- [DIRECTIONS FOR THIS TASK]
Every line below between the line holding "8月22日,甘肃省张掖市一处" and the line holding "Scalloped hand thrown", inclusive, should be repeated exactly, and all other lines omitted.
(ENTRIES SHOWN)
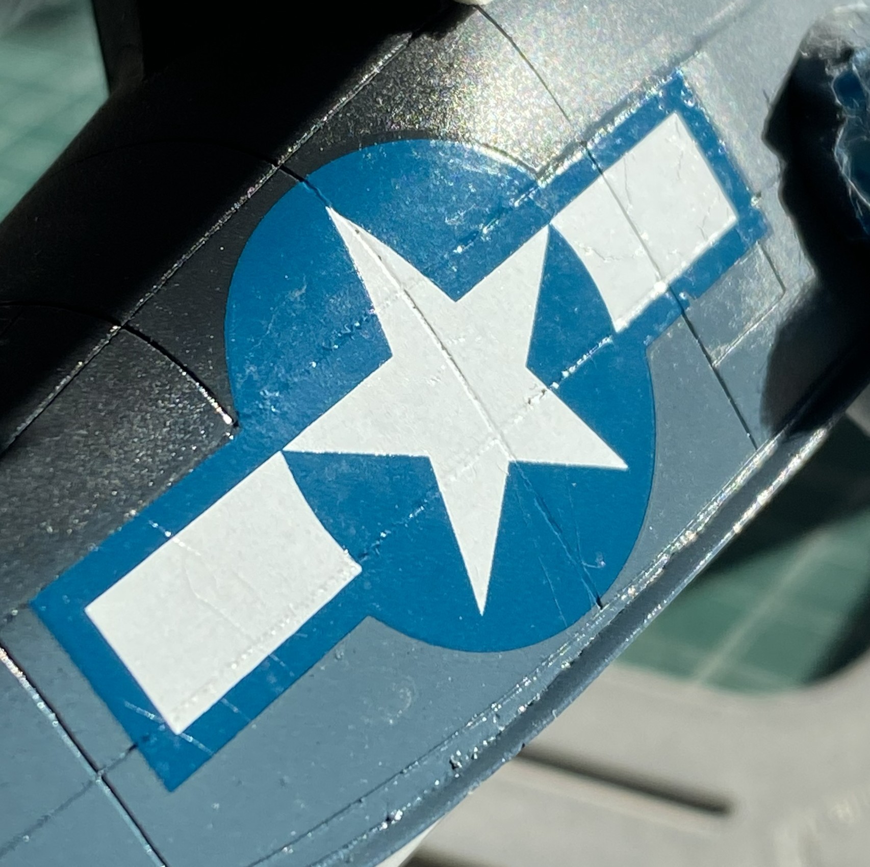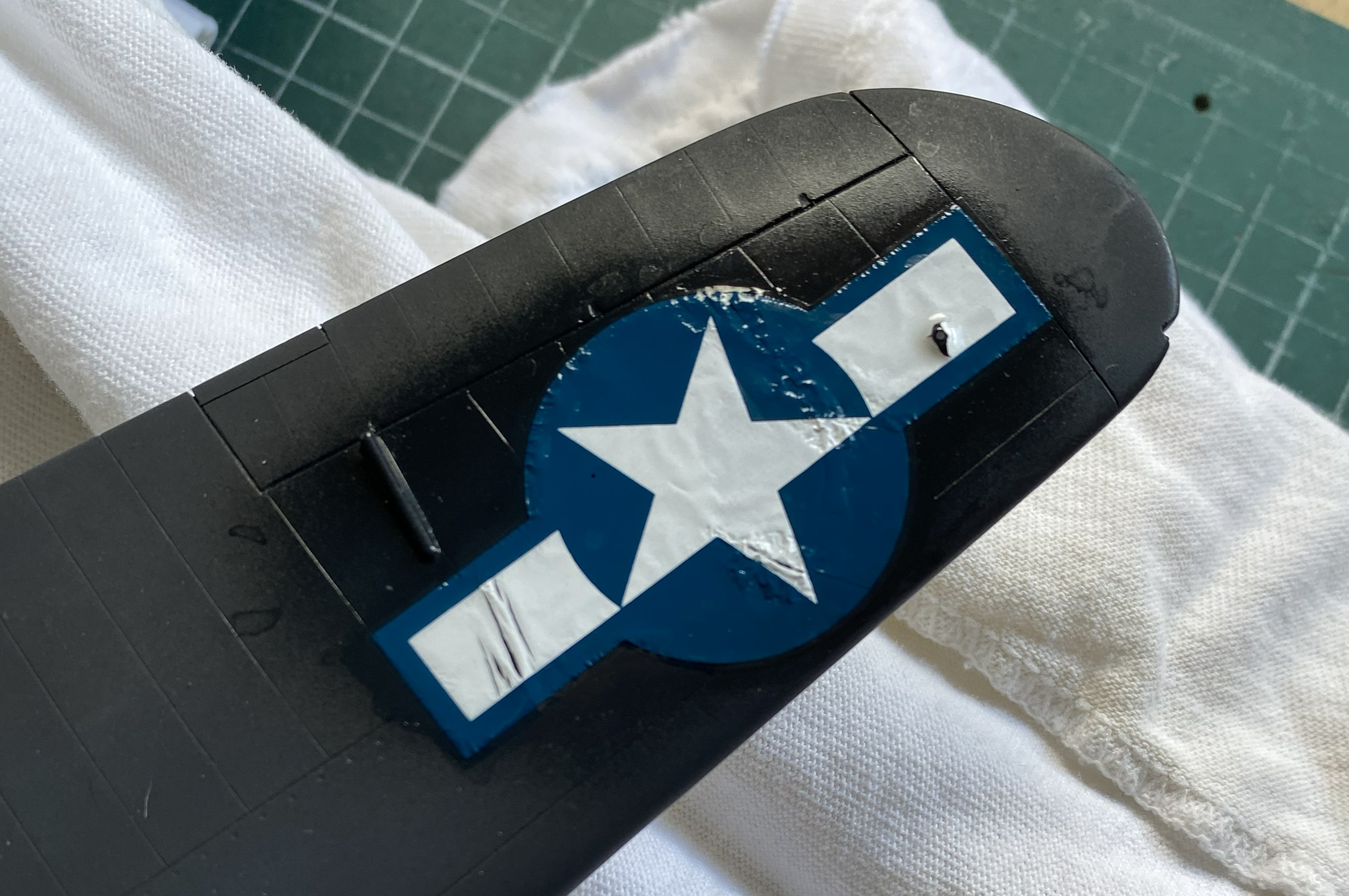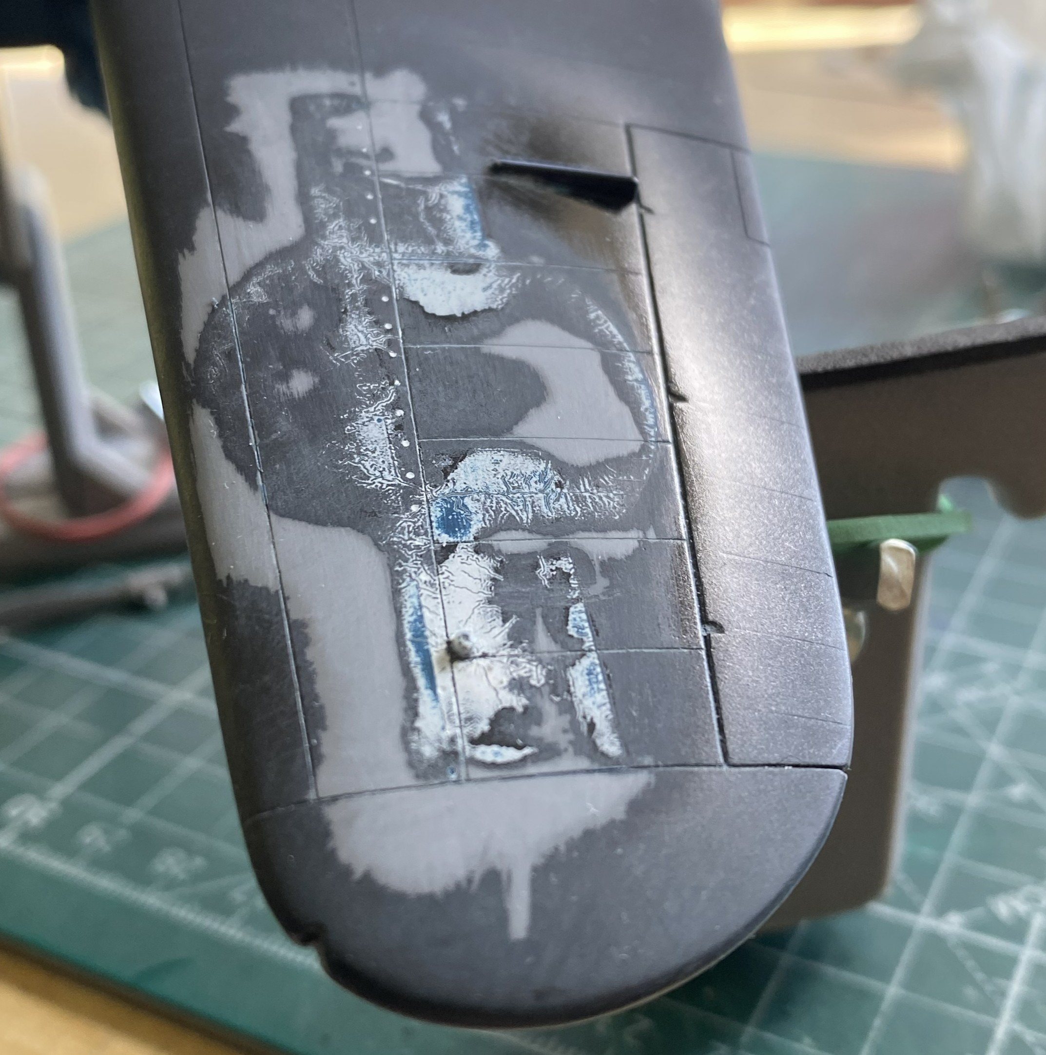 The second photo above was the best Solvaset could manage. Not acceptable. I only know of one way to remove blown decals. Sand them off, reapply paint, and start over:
(End ENTRIES SHOWN)
(ENTRIES SHOWN)
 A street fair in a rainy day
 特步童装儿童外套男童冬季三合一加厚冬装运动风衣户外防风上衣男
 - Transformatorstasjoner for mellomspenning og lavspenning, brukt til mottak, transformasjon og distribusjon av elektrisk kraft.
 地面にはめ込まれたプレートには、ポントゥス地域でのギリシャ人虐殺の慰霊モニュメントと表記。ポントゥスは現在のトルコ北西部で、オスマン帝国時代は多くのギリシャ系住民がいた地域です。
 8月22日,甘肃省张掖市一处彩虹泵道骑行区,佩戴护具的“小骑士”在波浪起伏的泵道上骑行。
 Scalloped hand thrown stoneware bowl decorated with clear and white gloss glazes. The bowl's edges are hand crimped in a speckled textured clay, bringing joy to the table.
(End ENTRIES SHOWN)
(ENTRIES SHOWN)
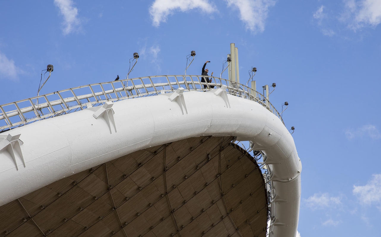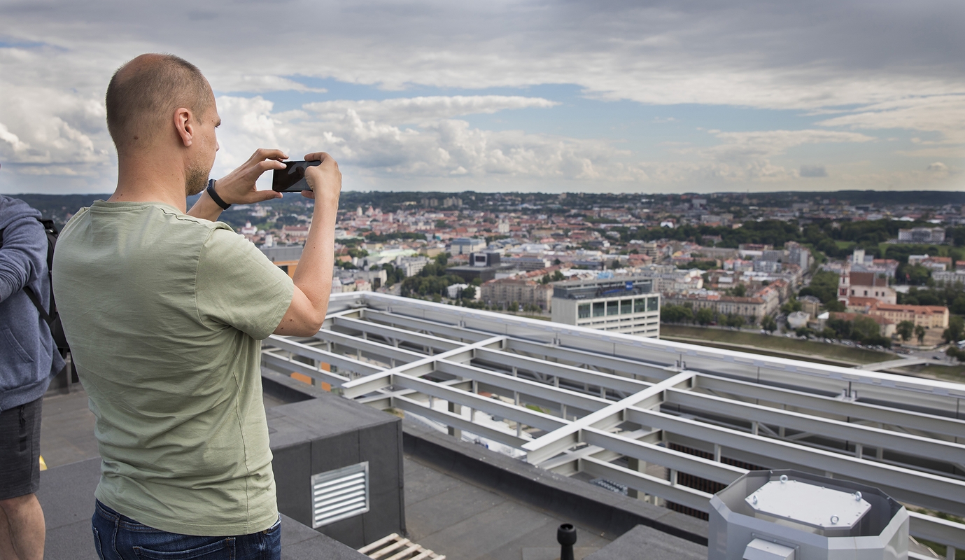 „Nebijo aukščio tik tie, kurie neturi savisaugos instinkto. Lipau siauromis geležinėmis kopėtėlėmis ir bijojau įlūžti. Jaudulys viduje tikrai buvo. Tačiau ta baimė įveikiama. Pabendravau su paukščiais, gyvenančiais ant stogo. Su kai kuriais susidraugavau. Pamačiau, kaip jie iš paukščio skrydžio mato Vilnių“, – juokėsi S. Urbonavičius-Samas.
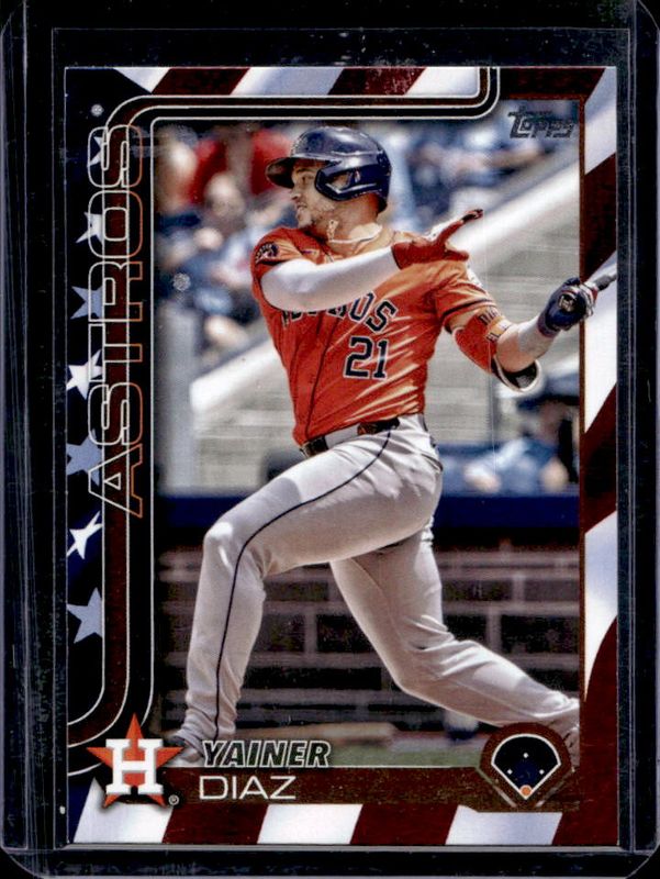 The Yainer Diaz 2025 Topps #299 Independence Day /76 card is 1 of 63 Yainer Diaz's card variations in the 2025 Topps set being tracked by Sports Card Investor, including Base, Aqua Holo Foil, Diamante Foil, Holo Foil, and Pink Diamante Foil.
(End ENTRIES SHOWN)
- [SOLUTION BELOW]
 8月22日,甘肃省张掖市一处彩虹泵道骑行区,佩戴护具的“小骑士”在波浪起伏的泵道上骑行。
 Scalloped hand thrown stoneware bowl decorated with clear and white gloss glazes. The bowl's edges are hand crimped in a speckled textured clay, bringing joy to the table.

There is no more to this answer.